Preview of Column INTERACTION

#head(df1$INTERACTION)
df1$INTERACTION<-as.character(df1$INTERACTION)
#head(df1$INTERACTION)
lut3<-c("10" = "SOLE MILITARY ACTION", "11" = "MILITARY VERSUS MILITARY", "12" = "MILITARY VERSUS REBELS", "13" = "MILITARY VERSUS POLITICAL MILITIA", "14" = "MILITARY VERSUS COMMUNAL MILITIA", "15" = "MILITARY VERSUS RIOTERS", "16" = "MILITARY VERSUS PROTESTERS", "17" = "MILITARY VERSUS CIVILIANS", "18" = "MILITARY VERSUS OTHER", "20" = "SOLE REBEL ACTION ", "22" = "REBELS VERSUS REBELS", "23" = "REBELS VERSUS POLITICAL MILIITA", "24" = "REBELS VERSUS COMMUNAL MILITIA", "25" = "REBELS VERSUS RIOTERS", "26" = "REBELS VERSUS PROTESTERS", "27" = "REBELS VERSUS CIVILIANS", "28" = "REBELS VERSUS OTHERS", "30" = "SOLE POLITICAL MILITIA ACTION","33" = "POLITICAL MILITIA VERSUS POLITICAL MILITIA", "34" = "POLITICAL MILITIA VERSUS COMMUNAL MILITIA", "35" = "POLITICAL MILITIA VERSUS RIOTERS", "36" = "POLITICAL MILITIA VERSUS PROTESTERS", "37" = "POLITICAL MILITIA VERSUS CIVILIANS", "38" = "POLITICAL MILITIA VERSUS OTHERS", "40" = "SOLE COMMUNAL MILITIA ACTION", "44" = "COMMUNAL MILITIA VERSUS COMMUNAL MILITIA", "45" = "COMMUNAL MILITIA VERSUS RIOTERS", "46" = "COMMUNAL MILITIA VERSUS PROTESTERS", "47" = "COMMUNAL MILITIA VERSUS CIVILIANS", "48" = "COMMUNAL MILITIA VERSUS OTHER","50" = "SOLE RIOTER ACTION", "55" = "RIOTERS VERSUS RIOTERS", "56" = "RIOTERS VERSUS PROTESTERS", "57" = "RIOTERS VERSUS CIVILIANS", "58" = "RIOTERS VERSUS OTHERS", "60" = "SOLE PROTESTER ACTION", "66" = "PROTESTERS VERSUS PROTESTERS", "67" = "PROTESTERS VERSUS CIVILIANS", "68" = "PROTESTERS VERSUS OTHER", "70" = "SOLE CIVILIANS", "77" = "CIVILIANS VERSUS CIVILIANS", "78" = "OTHER ACTOR VERSUS CIVILIANS", "80" = "SOLE OTHER ACTION", "88" = "OTHERS VERSUS OTHERS")
df1$INTERACTION <- lut3[df1$INTERACTION]
head(df1$INTERACTION)
[1] "MILITARY VERSUS CIVILIANS" "MILITARY VERSUS RIOTERS"  
[3] "SOLE PROTESTER ACTION"     "MILITARY VERSUS RIOTERS"  
[5] "MILITARY VERSUS RIOTERS"   "MILITARY VERSUS RIOTERS"  


Preview of data after cleaning is given below:

head(df1)

Looking at the summary of data using mmary() function, we see below facts:

summary(df1)
Variable Min Max Mean
Fatalities 0 25000 4.42
Year 1997 2017 -

From above summary of Fatalities, it is observed that minimum afatalities in conflicts 0 and maximum value is 25000 with a mean of 4.42

hist(df1$YEAR, xlab = "YEAR", main = "Histogram of conflicts per year ")

Looking at the histogram above, it is observed that highest number of cnflicts happened in the year 2016. With this information, we can further explore the areas which were affected by this conflict and the time of the year most conflicts happened.

boxplot(df1$FATALITIES~df$YEAR)

Looking at the boxplot above, it can be seen that there are a few outliers inthe dataset with highest being in 1997.

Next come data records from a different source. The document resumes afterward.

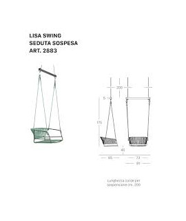 LISA SWING Asiento de columpio suspendido en acero galvanizado pintado y cuerda náutica, elección de color para hogar o contrato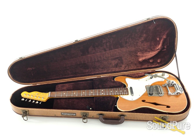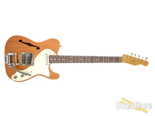 A radical departure from the solid body T Models, the T69TL's semi-hollow body offers both weight relief and unique tonal characteristics. While most opt for the more traditional look of natural finish on mahogany (as pictured here), we also offer ash and alder bodies in any of our standard finishes. A maple or rosewood fingerboard and a distinctly shaped 3-ply pickguard in Black, White, Pearl, or Tortoise Shell complete this alluring gem.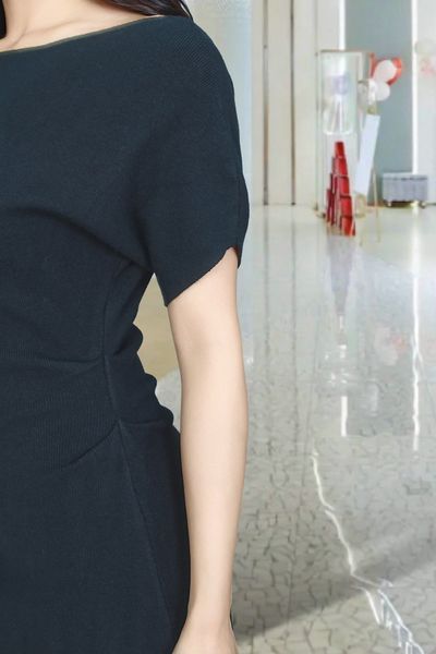 Đầm len tăm đen dáng A dài cổ thuyền tay cánh dơi nhún sườn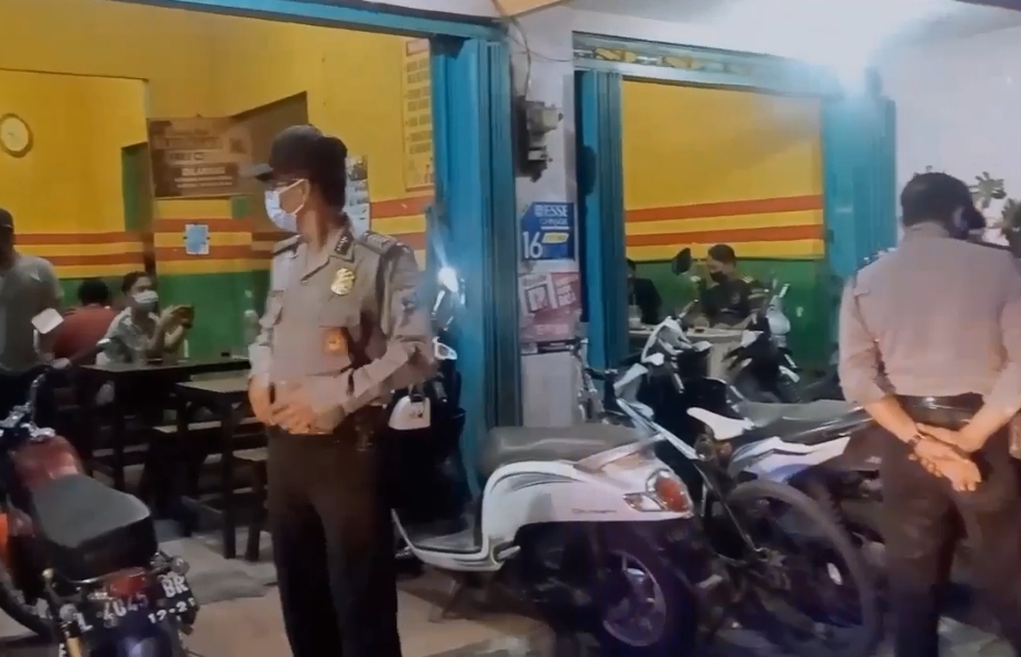 Para pemilik warung, toko dan PKL diberikan teguran terkait pelanggaran jam malam dan diperintahkan untuk segera tutup saat itu juga.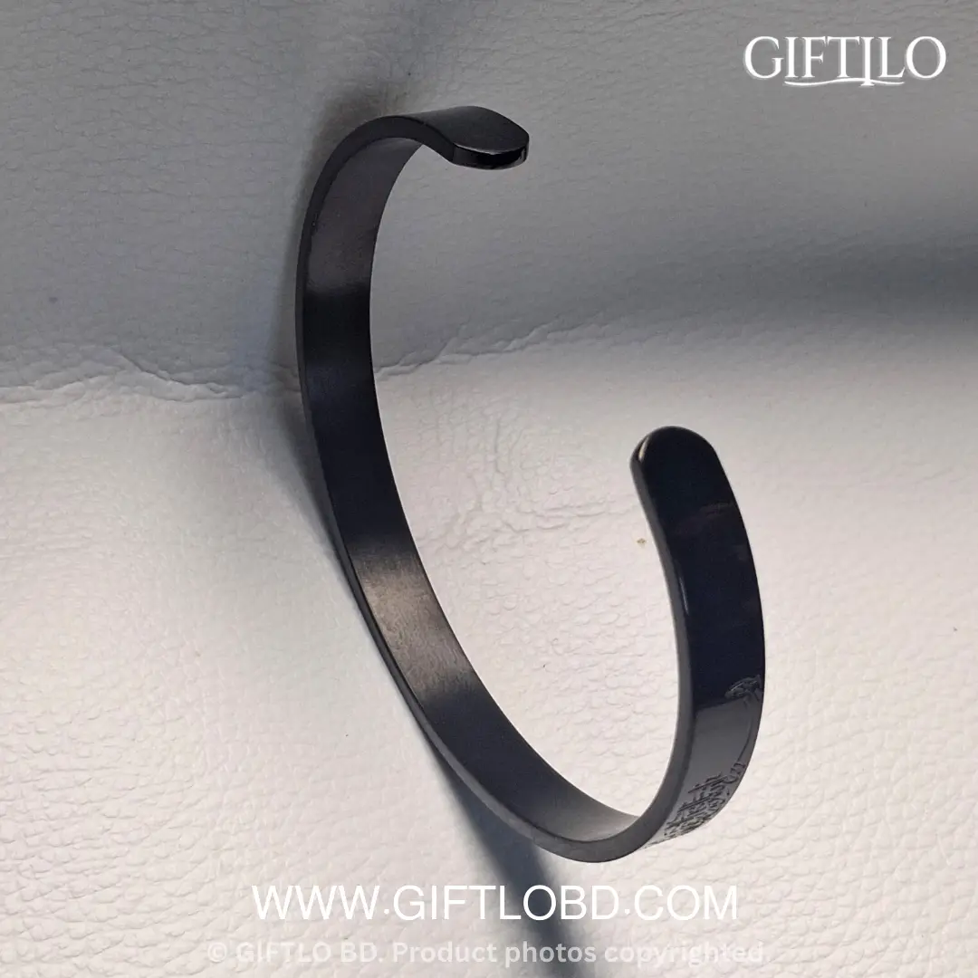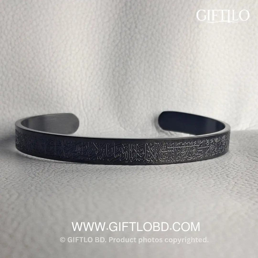 প্রিমিয়াম Stainless Steel দিয়ে তৈরি এই এলিগেন্ট Black ব্রেসলেটে খোদাই করা আছে পবিত্র Ayat Al-Kursi (The Throne Verse), যা আপনাকে দেবে আধ্যাত্মিক প্রশান্তি ও একটি পরিশীলিত ইসলামিক লুক।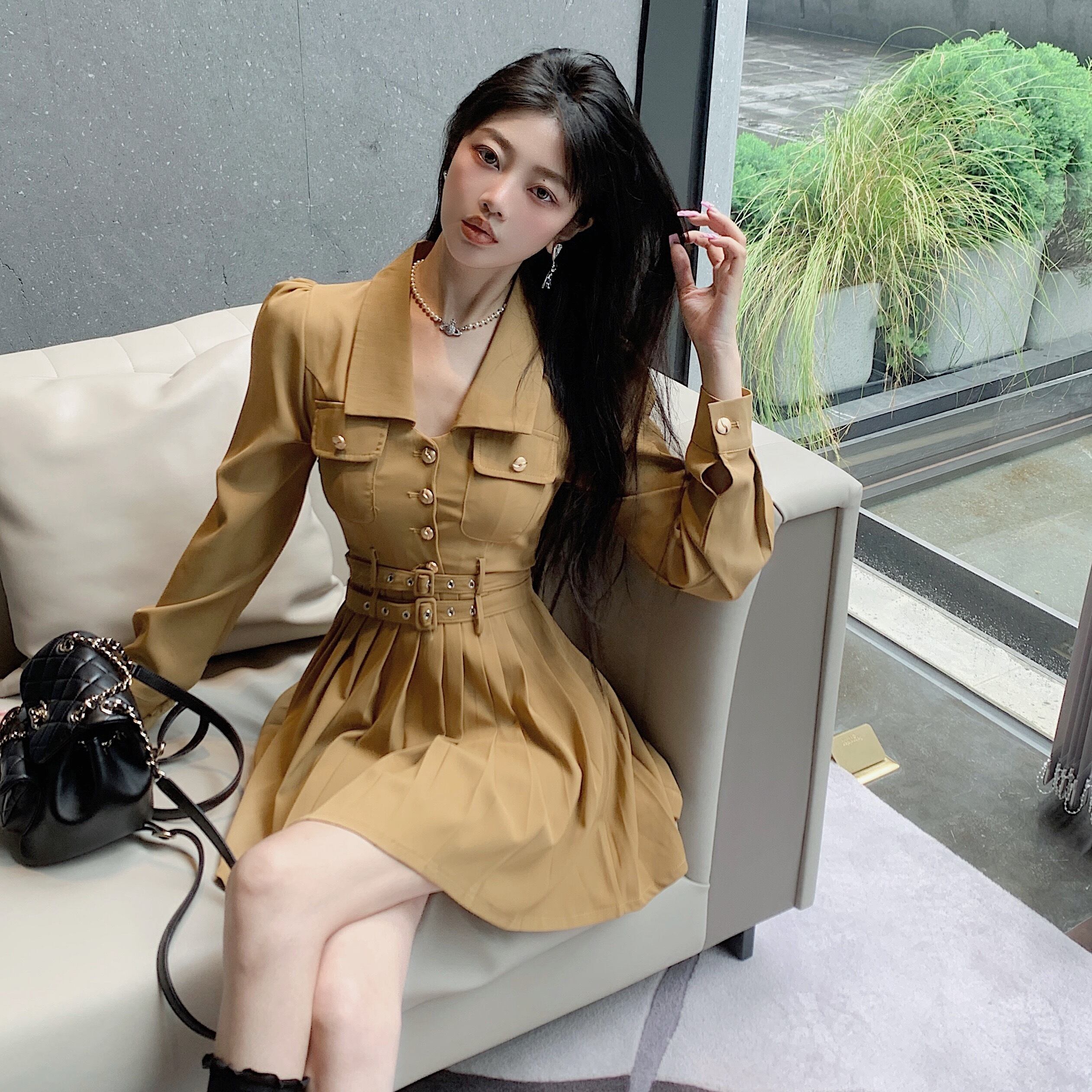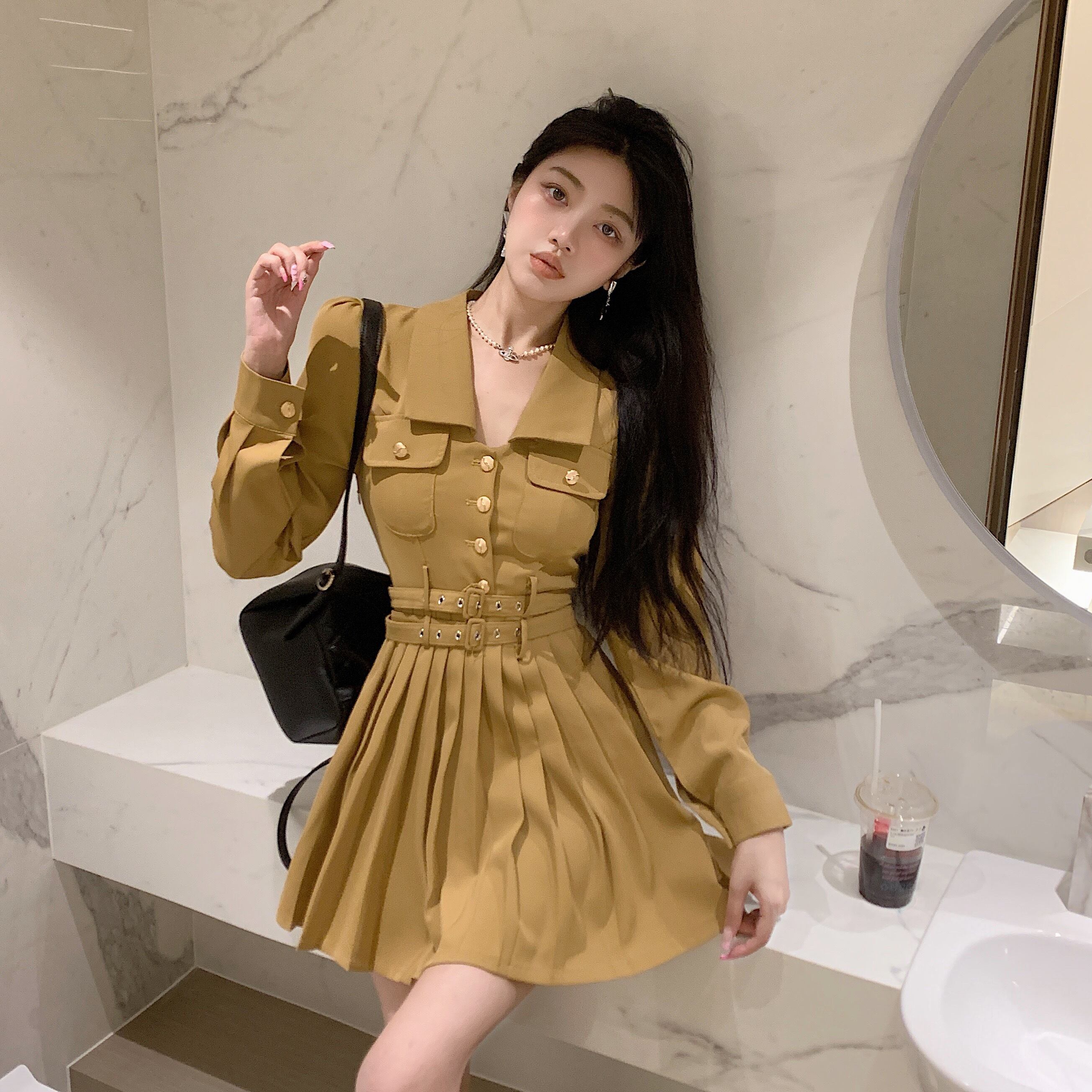 Long sleeve waist slim pleated dress 2022 early autumn new French temperament small skirt women's clothing ロング 長袖 プリーツ オータム 秋物 スカート スリム nana29861078709 | modepoisson

Proposed Exploratory Data Analysis

With this dataset, we can perform EDA using leaflets package to map the critical areas where most conflicts happen. We can further drill down to check details for areas of a country where most conflicts take place. We can see the trends to find the areas where conflicts happen at a particular time of the year. The EVENT_DATE column can be separated to Day, Month and Year to find trends on a monthly or seasonal basis. We can summarize the data to find new metrics like total fatalaties per year, total fatalaties per country, total fatalities per region in a country, frequency of conflicts per country. etc. We can plot bar plots to visialize this data and use boxplot to find out outliers.

We can create summary information as below to get insights about the top metrics.

Below are tables showing top 5 years when the fatalities were the highest and top 10 countries with highest fatalities.

df1%>%group_by(YEAR)%>%summarise(sum(FATALITIES))%>%arrange(desc(`sum(FATALITIES)`))%>%head(n=5)

From the table above, we can see that year 1999 had the highest fatalities due to conflicts.

df1%>%group_by(COUNTRY)%>%summarise(sum(FATALITIES))%>%arrange(desc(`sum(FATALITIES)`))%>%head(n=10)

Here, we can see that Angola has the highest fatalities due to conflicts.

A cluster analysis can be performed on this data to get new insights. Text analysis on NOTES column can be performed to understand the most popular words.